Bonnie Prince Charlie was also to fail. He invaded England as far as Derby, but was forced to retreat due to lack of support from England and France. His last attempt was at the Battle of Culloden Moor on 16th April 1746, when he suffered defeat at the hands of the government forces, and he became a fugitive. While on the run, he met Flora MacDonald on the island of Benbecula, and even though her foster father commanded Government troops on the island, she agreed to help Charlie escape.
Flora smuggled him to the Isle of Skye, disguised as her maid, and from there he made his way to France. He eventually settled in Rome, now an alcoholic, and saw out his years with many failed relationships. “The Young Pretender” as he was known, died on 31st January 1788, and with him died the Stuarts’ aspirations to regain the crown. Bonnie Prince Charlie could probably be described as a loveable rogue, but nonetheless he has rightly earned his place in Scottish history.
Flora was imprisoned in the Tower of London for a short time for her role in his escape, and the story goes that Charlie and Flora MacDonald had fallen in love. Following her release, her part in the escape made her a celebrity. She died in 1790, and was buried on the Isle of Skye. Legend has it that she asked to be buried wrapped in Bonnie Prince Charlie’s bed sheet.

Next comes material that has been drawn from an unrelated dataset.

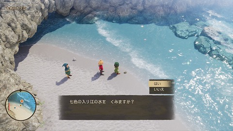七色の入り江を調べて水をくむと、水で満たされたビンが手に入りました。ホンダラに水で満たされたビンを渡します。

Glenfinnan Monument was erected by Alexander Macdonald in 1815, to mark the spot where Bonnie Prince Charlie had rallied his troops and raised his standard to signify the beginning of the 1745 Jacobite Rising.

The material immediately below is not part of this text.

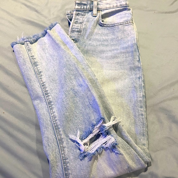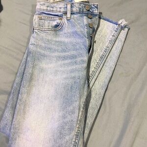 These light-wash distressed jeans feature a high-rise slim fit with a stylish ripped detail on both legs. Crafted from premium-quality organic Italian denim, they’re both trendy and comfortable. Perfect for casual wear, these jeans combine a modern silhouette with classic appeal. In great condition. Made by Aritzia size 27

Situated at Loch Shiel, about eighteen miles west of Fort William, the monument is a popular visitor attraction with its picturesque setting, surrounded by mountains and woodlands. There are cruises available on the loch from March to October, where you can access excellent cycling routes, enjoy the panoramic views and spot some of Scotlands’ wildlife. The monument has a shop, a snack bar, and a visitor centre with displays, and features an audio programme about the campaign from Glenfinnan to Derby, and back to the final defeat at the Battle of Culloden Moor.